- Activity -
For this task, output exactly the lines of the material below starting at the line with "Luxurious Tiffany &" and ending at the line with "Schöne, feine Halskette"; pictures are to be excluded.

- Task inputs -
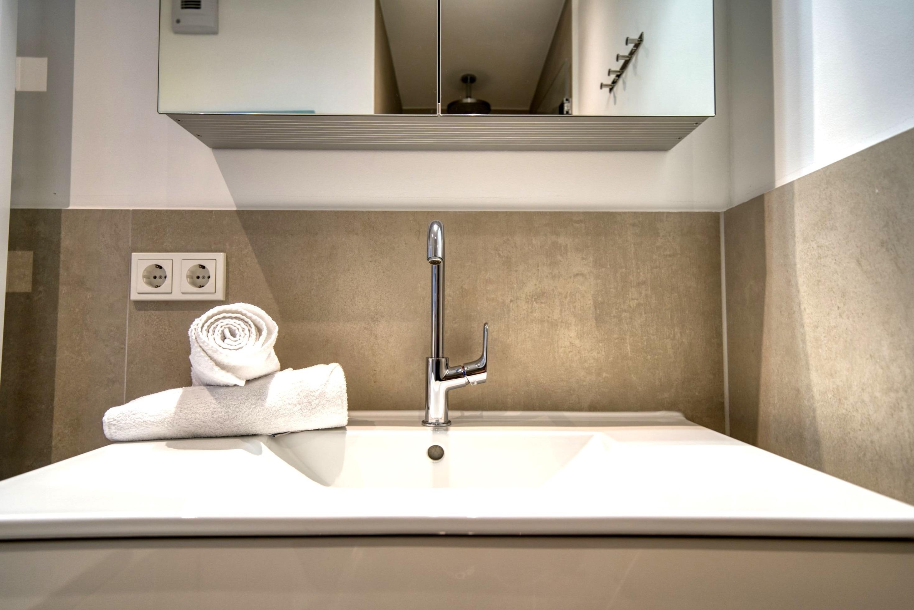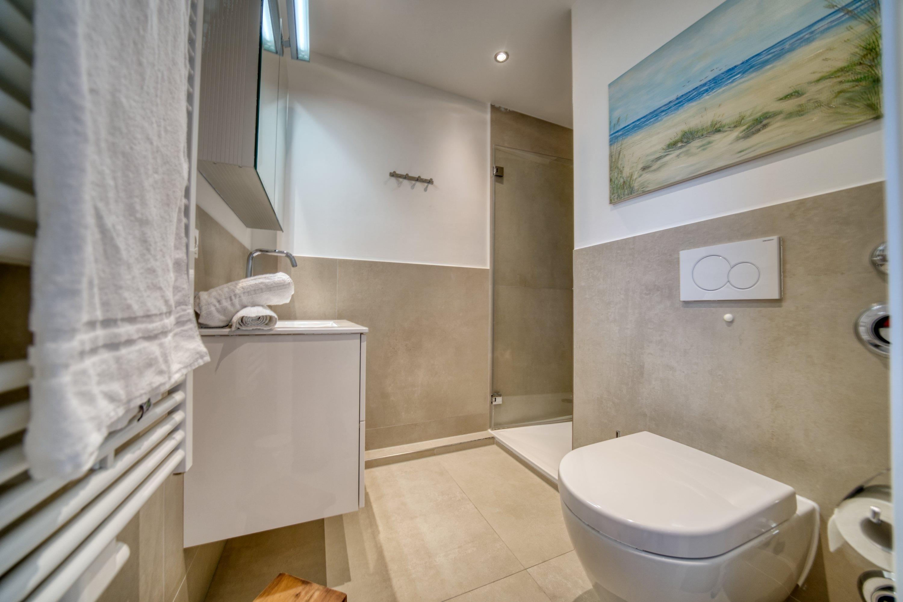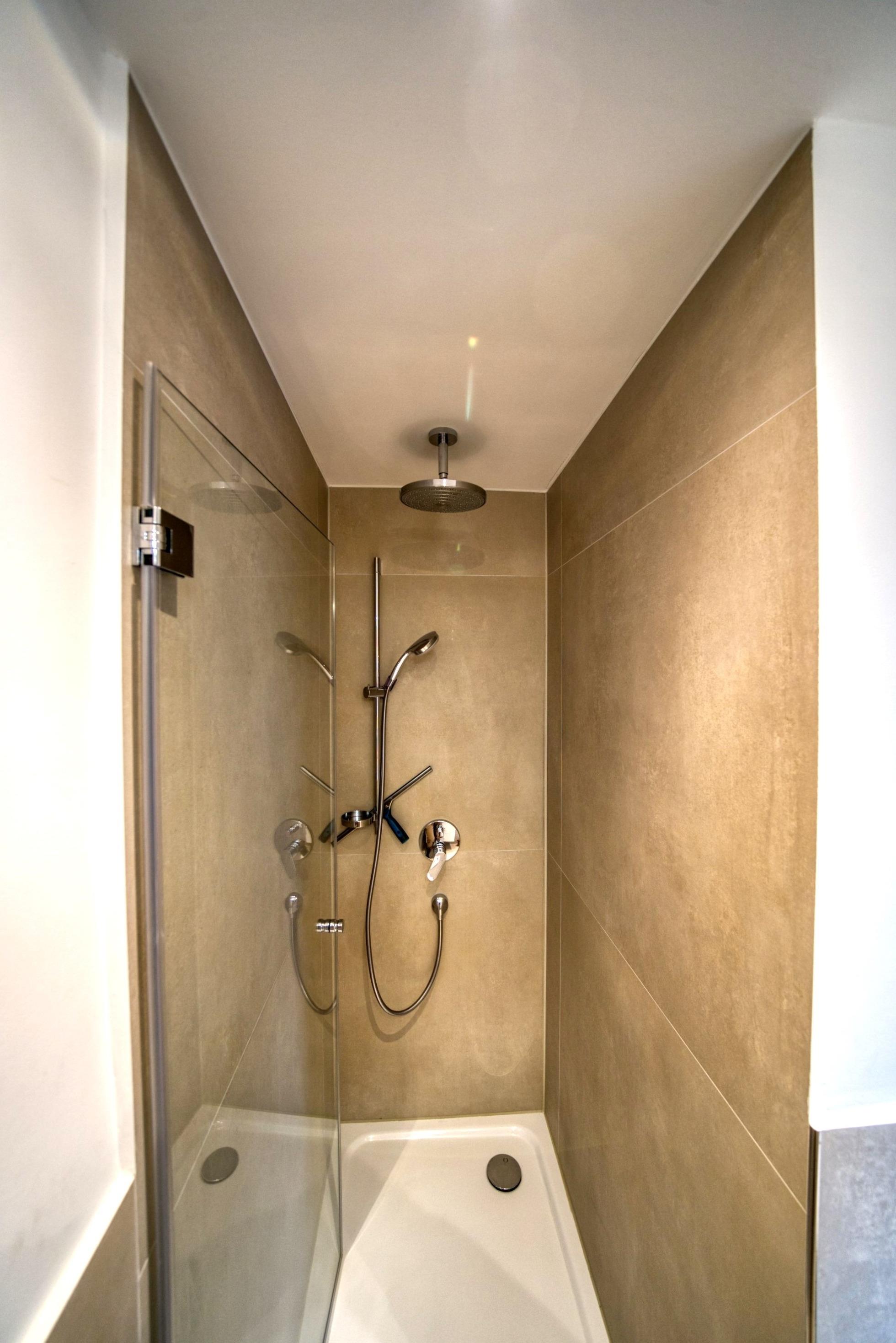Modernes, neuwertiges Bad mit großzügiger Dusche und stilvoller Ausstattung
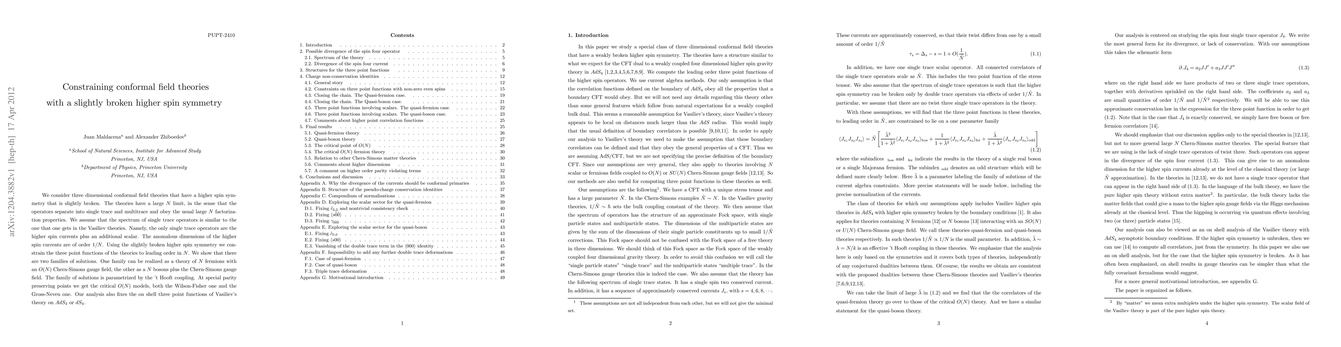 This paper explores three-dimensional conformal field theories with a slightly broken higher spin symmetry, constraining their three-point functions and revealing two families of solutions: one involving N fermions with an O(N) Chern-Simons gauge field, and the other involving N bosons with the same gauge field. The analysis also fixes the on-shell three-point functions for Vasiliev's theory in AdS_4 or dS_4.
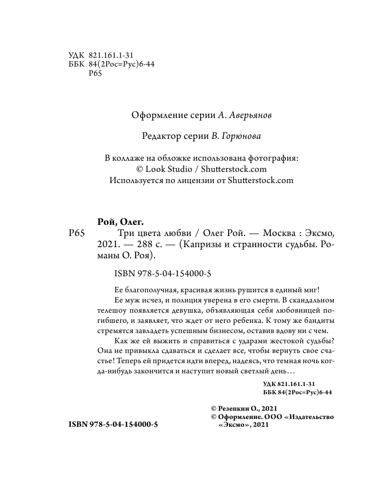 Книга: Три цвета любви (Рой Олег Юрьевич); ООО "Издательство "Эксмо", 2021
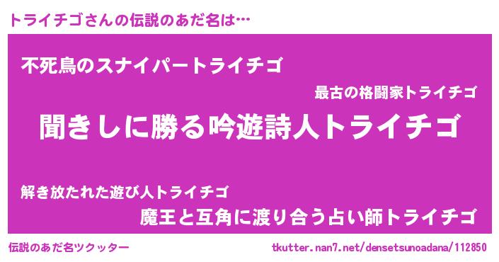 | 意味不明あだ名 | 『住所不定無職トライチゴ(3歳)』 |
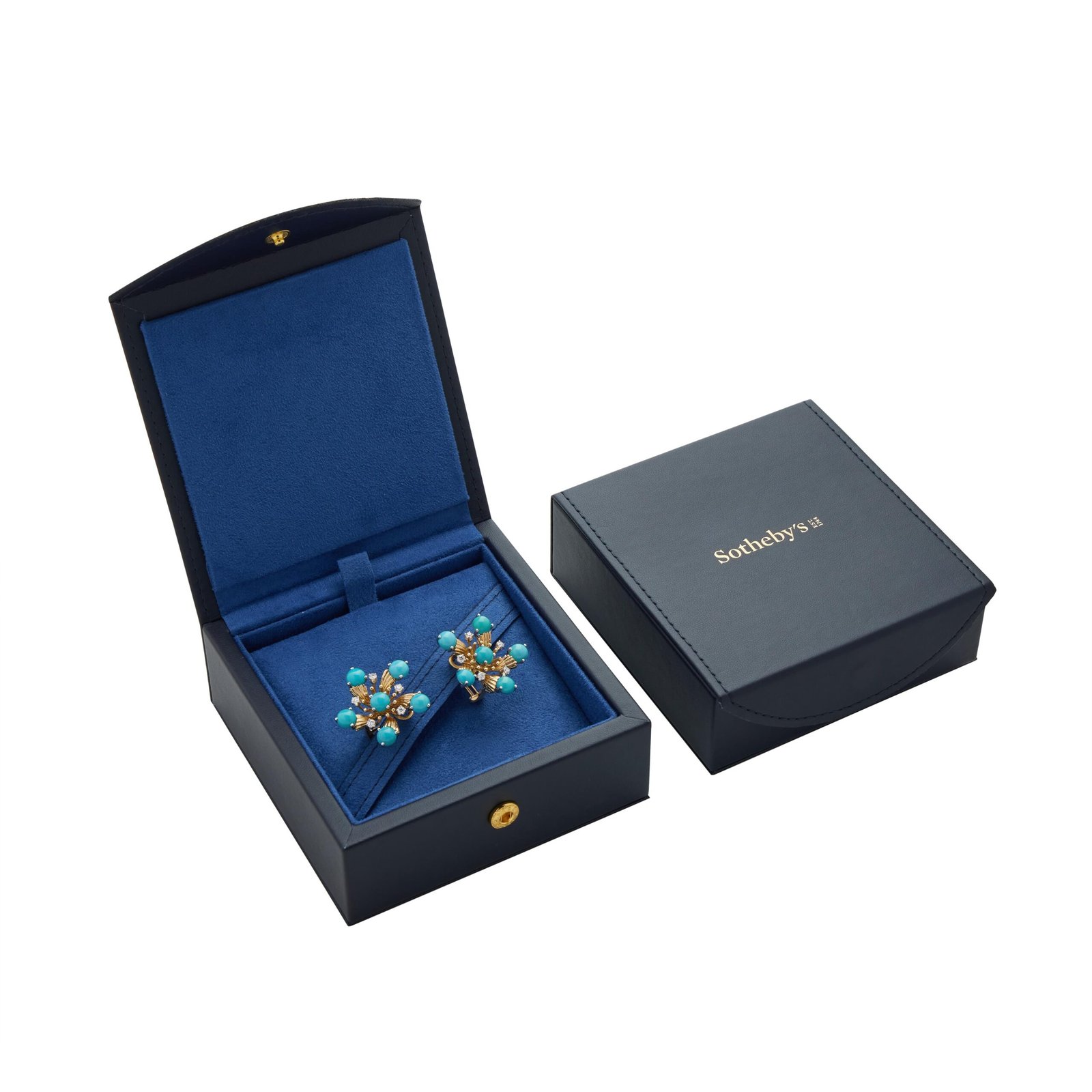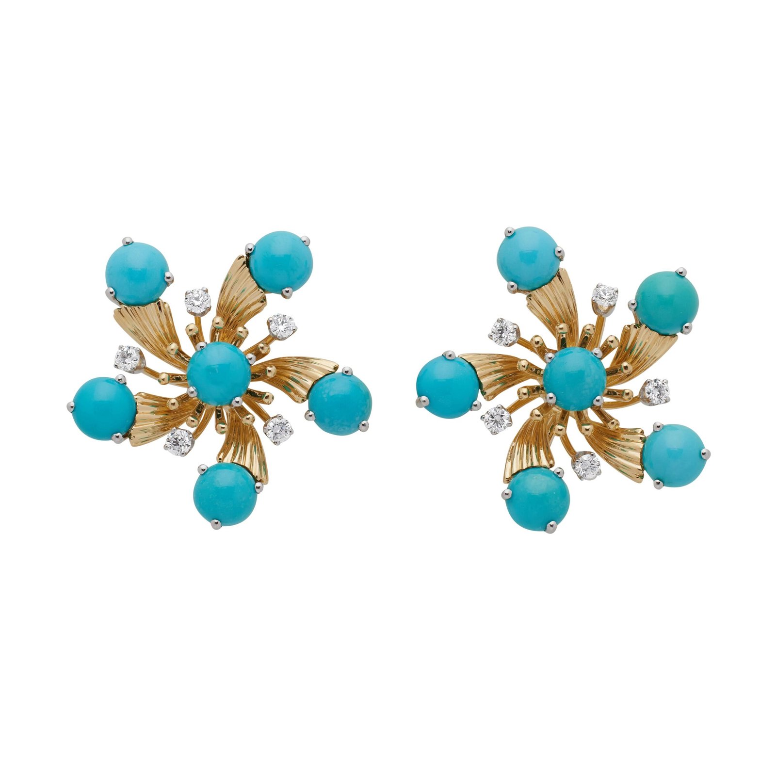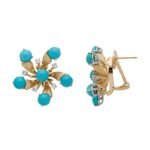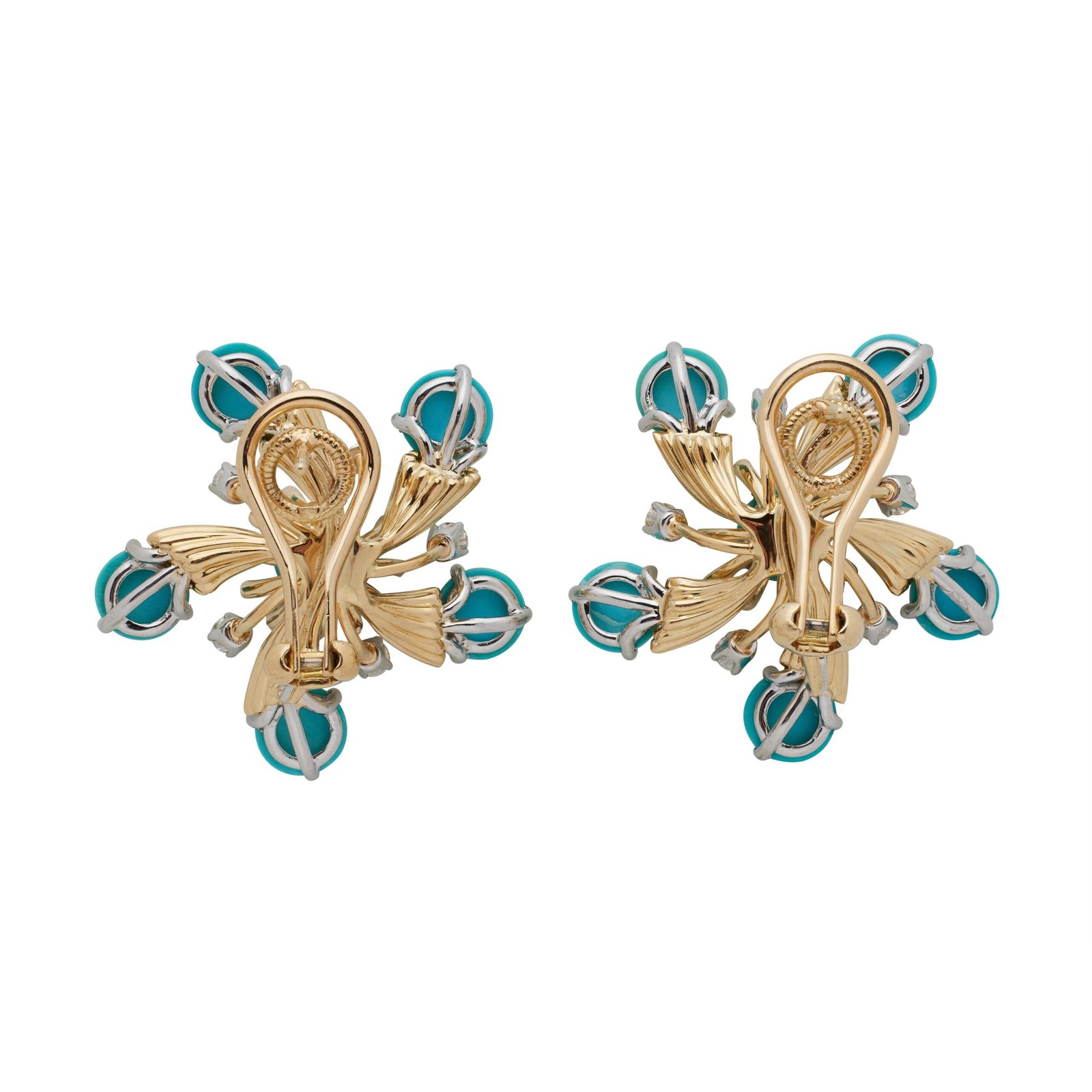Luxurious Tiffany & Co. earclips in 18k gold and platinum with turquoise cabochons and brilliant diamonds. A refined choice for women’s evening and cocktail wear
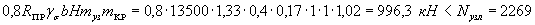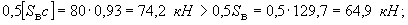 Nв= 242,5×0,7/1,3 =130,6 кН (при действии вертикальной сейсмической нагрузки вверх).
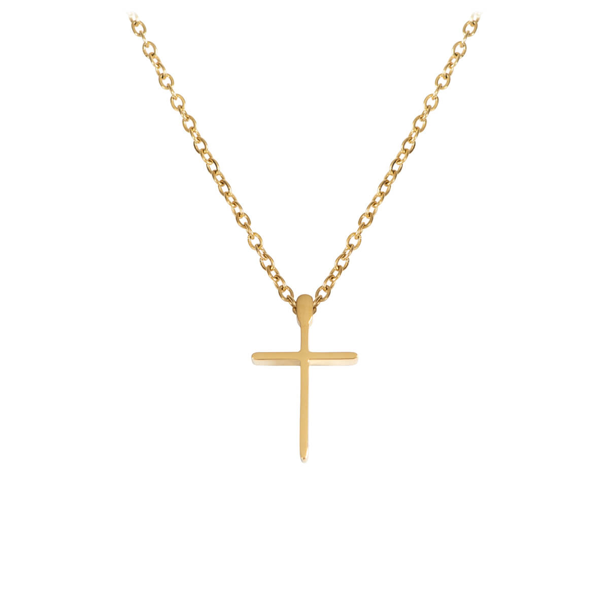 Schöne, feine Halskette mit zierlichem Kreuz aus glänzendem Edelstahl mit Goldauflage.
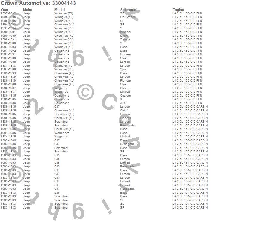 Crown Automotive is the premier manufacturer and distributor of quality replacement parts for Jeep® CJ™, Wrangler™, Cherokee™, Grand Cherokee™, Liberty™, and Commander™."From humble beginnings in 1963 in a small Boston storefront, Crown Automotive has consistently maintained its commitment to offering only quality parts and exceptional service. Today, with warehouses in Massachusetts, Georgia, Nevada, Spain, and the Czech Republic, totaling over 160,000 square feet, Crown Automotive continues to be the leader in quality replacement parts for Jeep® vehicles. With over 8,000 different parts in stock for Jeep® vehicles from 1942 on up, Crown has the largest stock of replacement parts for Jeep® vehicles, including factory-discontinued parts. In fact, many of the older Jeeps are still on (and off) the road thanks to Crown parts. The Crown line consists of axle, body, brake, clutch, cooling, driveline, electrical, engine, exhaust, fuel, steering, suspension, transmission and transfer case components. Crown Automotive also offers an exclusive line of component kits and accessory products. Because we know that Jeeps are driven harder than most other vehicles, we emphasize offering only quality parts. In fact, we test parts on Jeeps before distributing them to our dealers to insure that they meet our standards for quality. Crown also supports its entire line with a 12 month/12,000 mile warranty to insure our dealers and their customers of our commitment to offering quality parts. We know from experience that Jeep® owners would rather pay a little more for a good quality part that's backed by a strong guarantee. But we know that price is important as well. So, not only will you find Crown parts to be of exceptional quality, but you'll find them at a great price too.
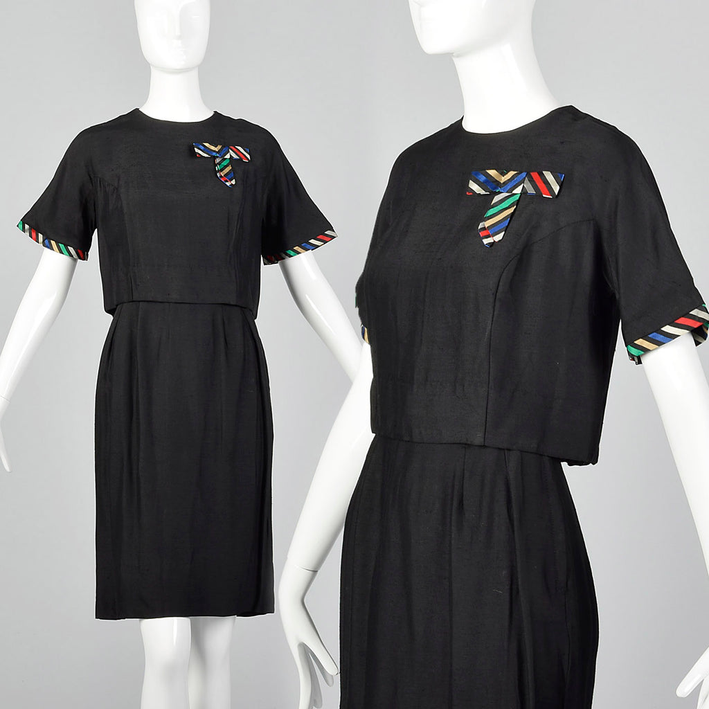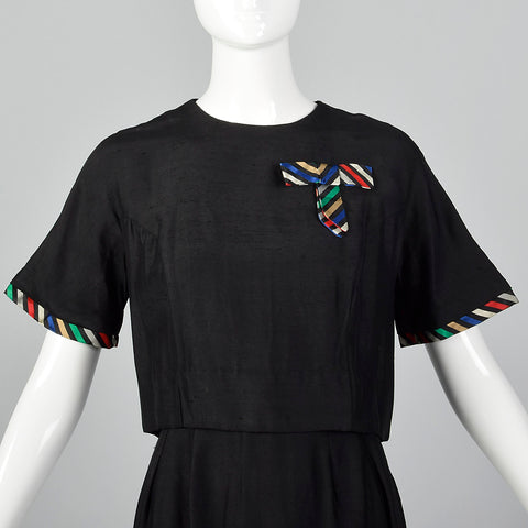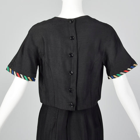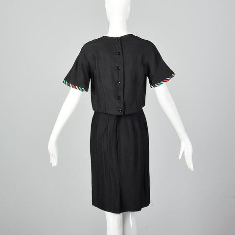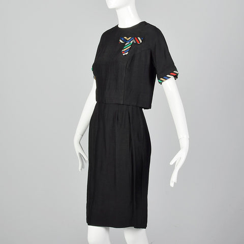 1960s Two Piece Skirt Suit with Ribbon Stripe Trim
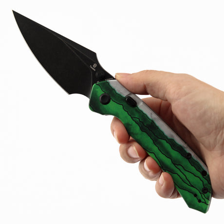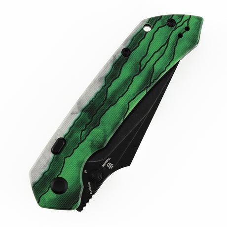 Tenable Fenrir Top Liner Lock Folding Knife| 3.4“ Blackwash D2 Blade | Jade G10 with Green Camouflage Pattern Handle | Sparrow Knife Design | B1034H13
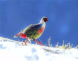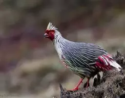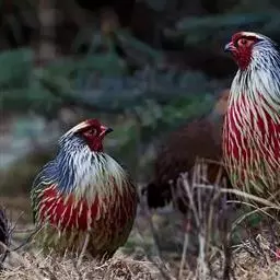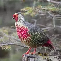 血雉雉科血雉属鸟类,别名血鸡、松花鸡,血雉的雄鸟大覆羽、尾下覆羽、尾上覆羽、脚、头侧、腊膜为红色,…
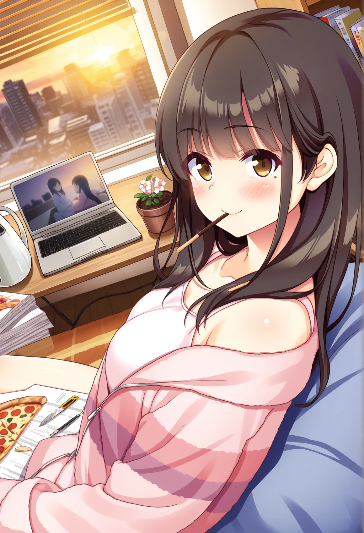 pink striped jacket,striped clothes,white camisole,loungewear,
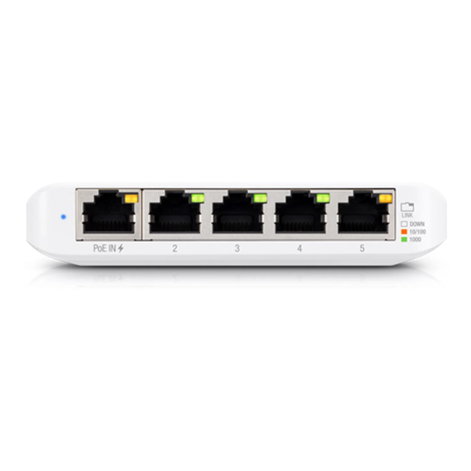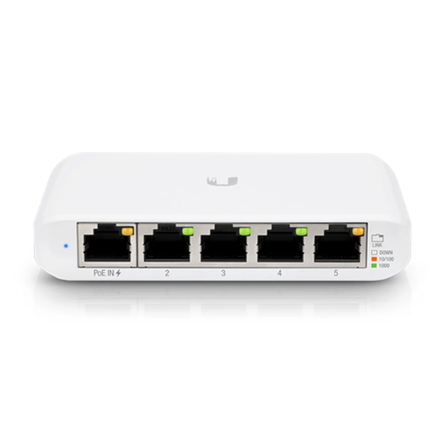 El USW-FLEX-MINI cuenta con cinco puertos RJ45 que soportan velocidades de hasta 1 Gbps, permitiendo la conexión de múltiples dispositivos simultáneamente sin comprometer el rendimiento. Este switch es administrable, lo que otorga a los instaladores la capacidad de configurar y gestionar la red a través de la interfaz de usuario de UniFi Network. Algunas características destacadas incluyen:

- Worked solution -
Luxurious Tiffany & Co. earclips in 18k gold and platinum with turquoise cabochons and brilliant diamonds. A refined choice for women’s evening and cocktail wear
 Nв= 242,5×0,7/1,3 =130,6 кН (при действии вертикальной сейсмической нагрузки вверх).
 Schöne, feine Halskette mit zierlichem Kreuz aus glänzendem Edelstahl mit Goldauflage.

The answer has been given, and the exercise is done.